I sit here at my desk isolated, protected, safe, able
without difficulty to speak with my sister and my younger son in Southern
California, to my older son and his family in San Francisco, to communicate
with all of you scattered around the world, as good news, very good news, very bad
news, terrible news, and horrific news comes to me electronically, news about
which I am capable of doing virtually nothing.

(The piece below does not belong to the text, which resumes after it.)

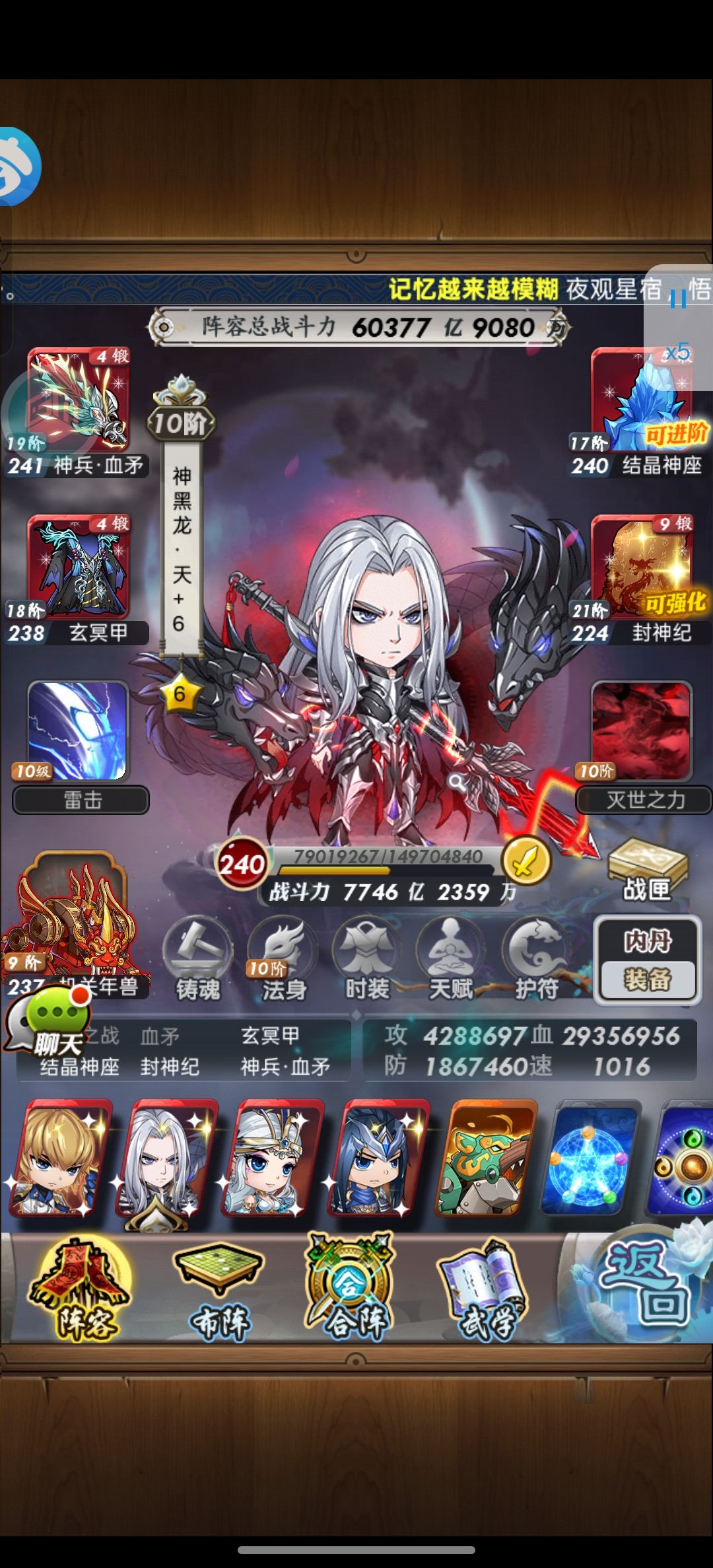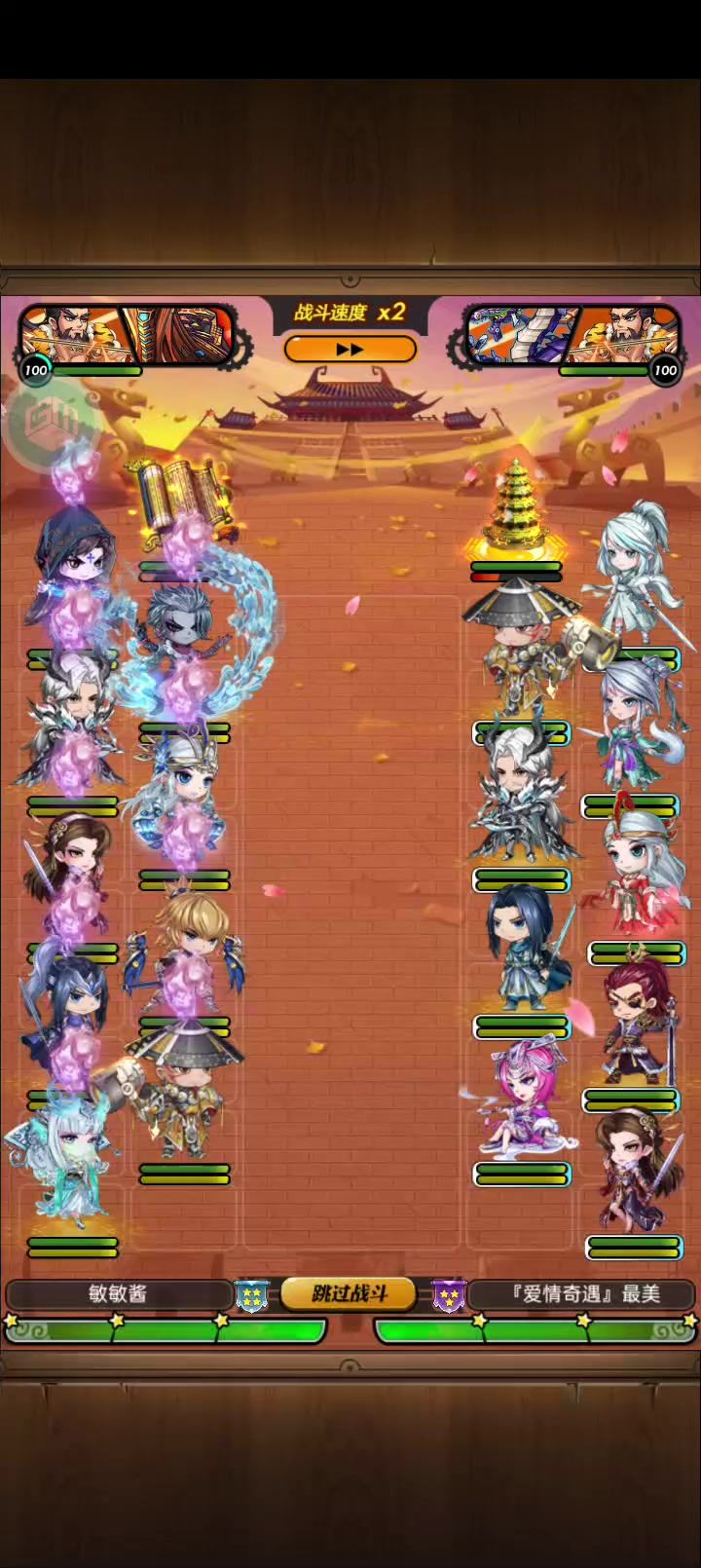 @烦死算了按照这个阵容和机师,可以打出最高伤害阵容的思路讲解出手顺序按扶苏,少司命,嬴政,焰灵姬,魔卫,荆轲,伏念,天宗晓梦,东皇1.扶苏先手,残废对面一半,攻击全体附加对面35%的血量伤害2.少司命二速,对面受到伤害加20%3.焰灵姬三速,对面受伤加20%,技能对面每死一个放一次4.嬴政四速,对面前排全部禁锢,对面血量最高在后排直接秒杀,嬴政加后续所有人35%的额外伤害,秒杀触发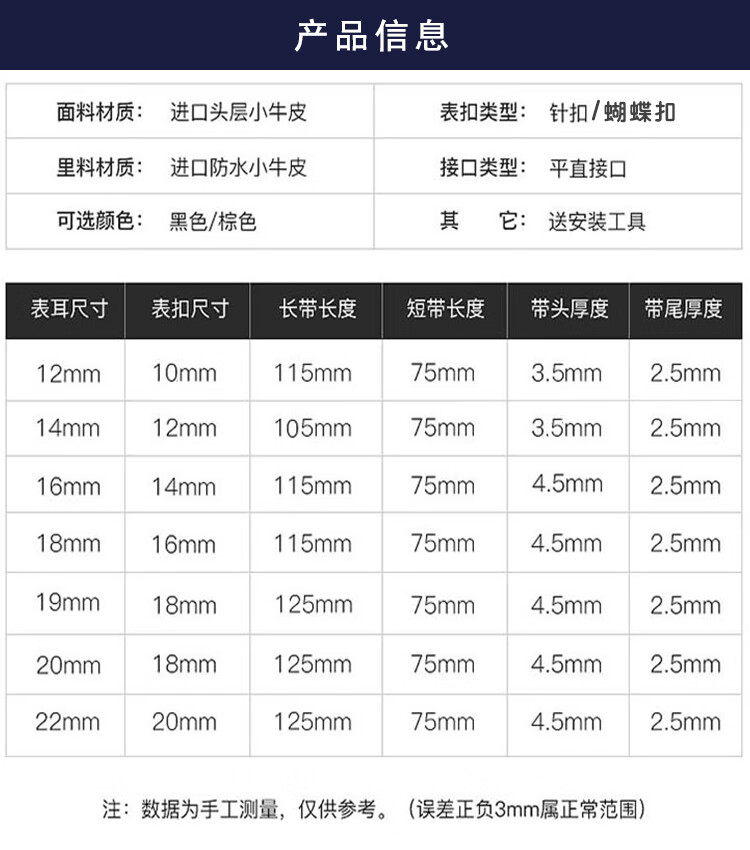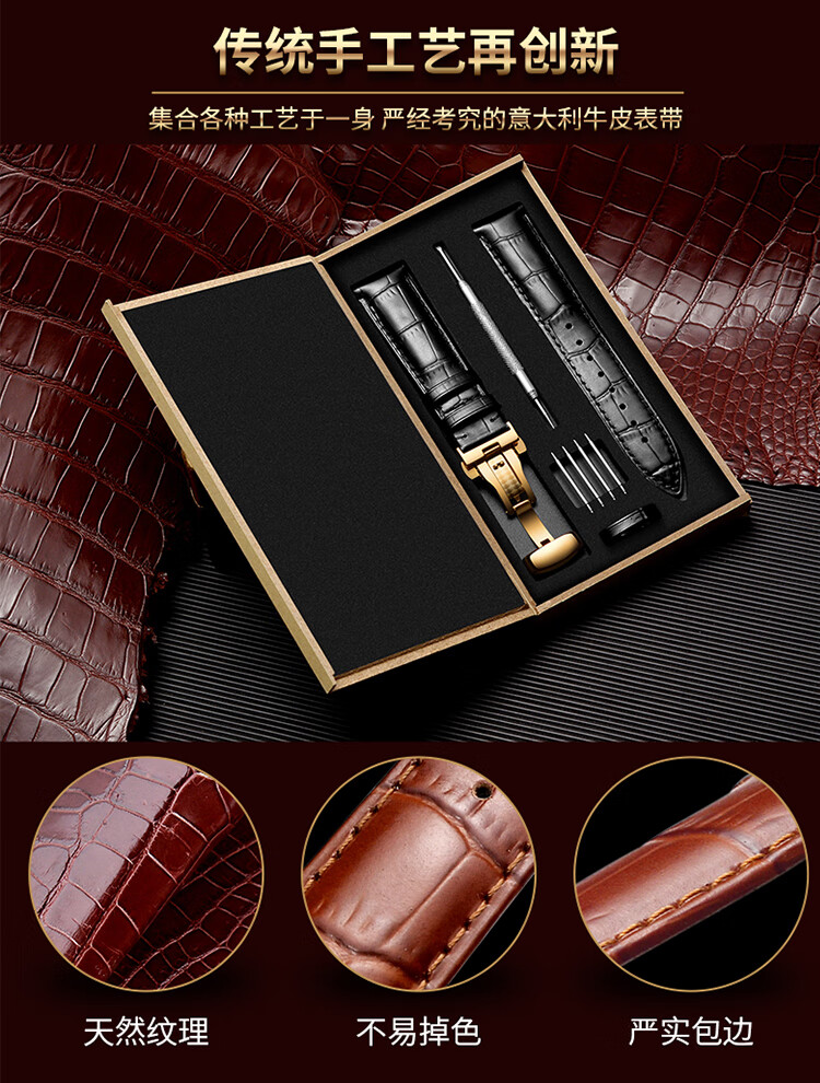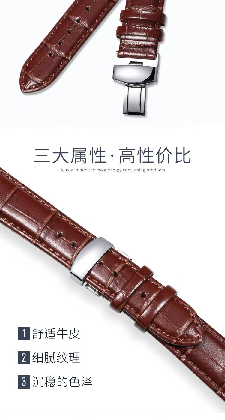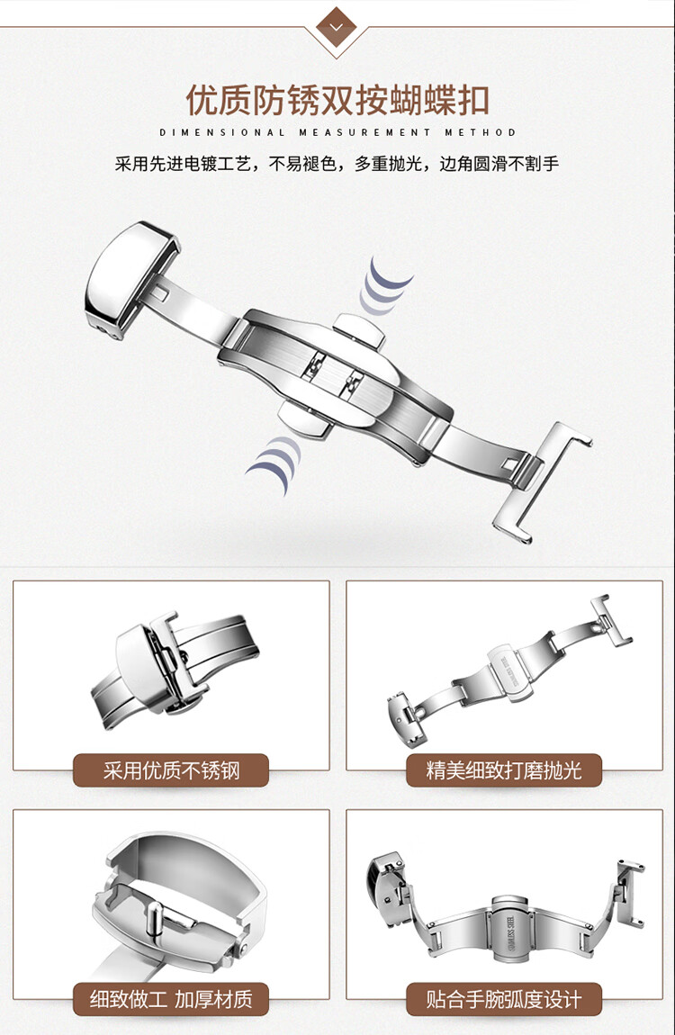 碧允真牛皮表带男女通用手表带蝴蝶扣配件头层皮带针扣表链品牌dw代用 黑色竹节纹#亮色蝴蝶扣 12mm

I have spent my life having and expressing opinions about
all manner of things philosophical, economic, and political. For a long time a good deal of my attention
was focused on finding an audience for those opinions and when I did so that
seem to be an accomplishment. But in a world awash with opinions, was there
really any need for mine?
As I sit here, preparing to drive my wife to an appointment
with one of her doctors, I await the Senate vote on the infrastructure bill. It
looks increasingly as though the $3.5 trillion reconciliation package will also
be enacted into law before the year is out. These are political triumphs at a
time when the Congress is so narrowly split and I ought to be celebrating the
dramatic impact that the measures in these bills will have on the lives of
hundreds of millions of Americans. So much for the good news and the very good
news.
At the same time, a virus for which, miraculously, effective
vaccines have been developed rages pandemically among the half of the
population that has insanely, stupidly, criminally refused to protect itself.
That is the very bad news.
The terrible news is that America is very close to a fascist
coup that will put an end to such democracy as we enjoy.
The horrific news is of course that the entire world is
going through the early stages of changes in the climate that will completely
upend the current distribution of population, transform the production and
distribution of food, and dominate life in the decades that will follow my
death.
It seems feckless to respond to all of this by offering more
opinions. At least the quartet that played on the deck of the Titanic as it
started to sink was producing beautiful music.
And to make it worse, I find myself as I lie in bed writing
blog posts on subjects I have already quite recently discussed in this space.
Last night I spent a little time sketching a possible post on the Covid
disaster keyed to the 19th century practice followed by private fire
companies of distributing plaques to their subscribers, only to find when I got
up this morning that barely two months ago I had written a much commented on
post on precisely that subject. I mean, to have nothing to offer to the world
but opinions and then to recycle them as well seems a trifle pathetic.
Perhaps this is simply a melancholy induced by the loss of
our cat. I have been very touched by the stories many of you have posted of
your own beloved cats. My thanks to all of you for those stories.